Brief =
Of the lines listed below, return exactly those that run from the line containing "AB Gıda AKSAKAL TESİSLERİNE ELAMAN İLANI" through the line containing "Dây cáp mạng", both included.

Material supplied =
┌────────
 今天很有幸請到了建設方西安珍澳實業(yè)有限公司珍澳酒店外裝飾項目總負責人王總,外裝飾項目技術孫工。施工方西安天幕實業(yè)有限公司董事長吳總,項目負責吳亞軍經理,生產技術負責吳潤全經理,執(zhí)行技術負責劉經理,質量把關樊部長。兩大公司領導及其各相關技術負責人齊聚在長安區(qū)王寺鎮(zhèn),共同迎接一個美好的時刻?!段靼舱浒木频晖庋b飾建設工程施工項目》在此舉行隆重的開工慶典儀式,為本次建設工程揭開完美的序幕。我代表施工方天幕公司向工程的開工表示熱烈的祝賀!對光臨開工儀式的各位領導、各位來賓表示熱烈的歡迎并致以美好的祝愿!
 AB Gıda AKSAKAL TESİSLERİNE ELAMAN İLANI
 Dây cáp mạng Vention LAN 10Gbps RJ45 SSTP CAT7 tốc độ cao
└────────
┌────────
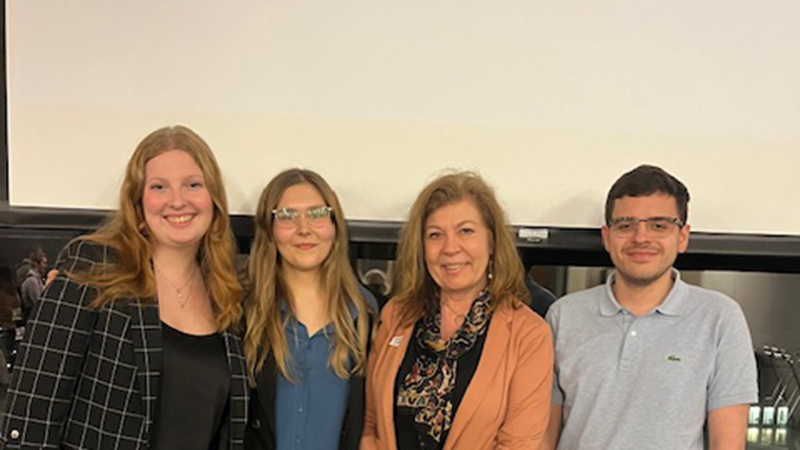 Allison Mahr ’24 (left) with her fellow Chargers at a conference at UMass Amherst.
└────────
Solution for this problem =
 AB Gıda AKSAKAL TESİSLERİNE ELAMAN İLANI
 Dây cáp mạng Vention LAN 10Gbps RJ45 SSTP CAT7 tốc độ cao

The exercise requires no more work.